While a citizenship question that suppresses non-citizen responses would be clearly helpful to GOP congressional candidates, its benefits at the state level are less clear for Republicans. The 12 states with the highest rates of non-citizen growth between 2009 and 2017 were all won by Trump in the 2016 presidential election, including pivotal swing states such as Pennsylvania and Iowa.
Nationwide, the non-citizen population grew faster than the total population in three dozen states. Only seven states reported losses in their non-citizen population. California, the nation’s most populous state and a reliable Democratic stronghold, saw its 2017 non-citizen population drop by almost 200,000 people, a 3.6 percent decline from 2009. Even with the drop, however, the state still has the highest percentage of non-citizens in the nation; Census data show 13.5 percent of Californians aren't U.S. citizens.
Visualize and compare the percent of non-citizens on the state level. Explore the Citizen Voting Age Population map and data analysis to learn more.
Three states had non-citizen growth rates topping 50 percent between 2009 and 2017. The percentage of non-citizens in North Dakota grew almost 89 percent; neighboring South Dakota reported a growth rate of 68 percent. The percentage of non-citizens grew 52 percent in Louisiana. All three are considered reliably Republican in most state and federal elections.

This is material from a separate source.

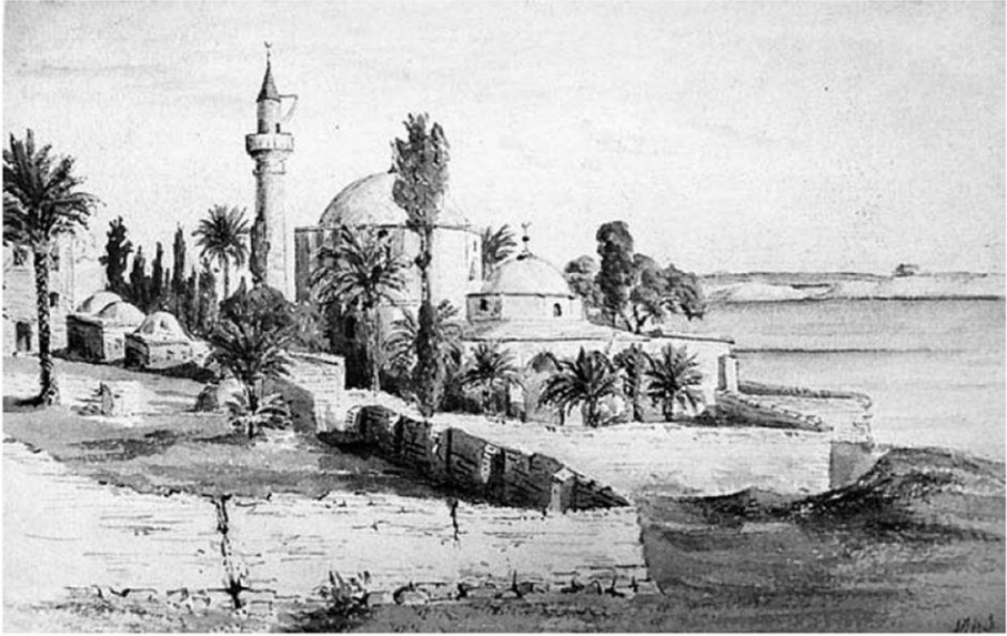
Hugh Sinclair : Mosque of Umm Haram, 1878. (Aquarelle, Collection Costas et Rita Severis)

Even though the nation’s overall growth of 6.5 percent outpaced non-citizen growth, the percentage of non-citizens grew at a faster rate in 1,680 of the nation’s 3,142 counties. The non-citizen population increased by 100 percent or more in 387 U.S. counties – roughly 12 percent of the total number of counties (and county-equivalents). Among those 387 counties, more than 92 percent favored Donald Trump during the 2016 presidential campaign.
Typically, triple-digit population growth rates occur among small populations. For example, non-citizens in Kenedy County, Texas – a coastal enclave about 80 miles from the Mexican border that’s represented in Congress by Filemon Vela Jr., a Democrat, and that voted for Hillary Clinton in the 2016 presidential contest – grew by 330.3 percent between 2009 and 2017, with the estimated number of non-citizens climbing from 33 to 142 people. At the same time, the county’s total population grew by 68 percent, to a total of 564 people.
The triple-digit growth of the non-citizen population, however, hasn’t been limited to small counties. Indeed, only 149 of those 387 counties had populations smaller than 10,000 people. Thirty-two of the counties with high non-citizen growth included more than 50,000 people; all but one of the 32 larger counties (Roanoke city, Va.) favored the Republican presidential nominee. The 387 counties also were geographically diverse, ranging from counties encompassing places ranging from Wilkes-Barre, Penn., to Casper, Wyo., and suburban Austin, Texas, to Bismarck, N.D.
The Supreme Court’s decision — regardless of whether it decides the question can be included — isn’t likely to immediately affect the Republican strongholds with rapid non-citizen growth. In the short term, the inclusion of a citizenship question would provide clear political advantages for the Republican Party. The growth of the non-citizen population in the GOP heartland, however, indicates that the long-term benefits for the GOP are far from certain.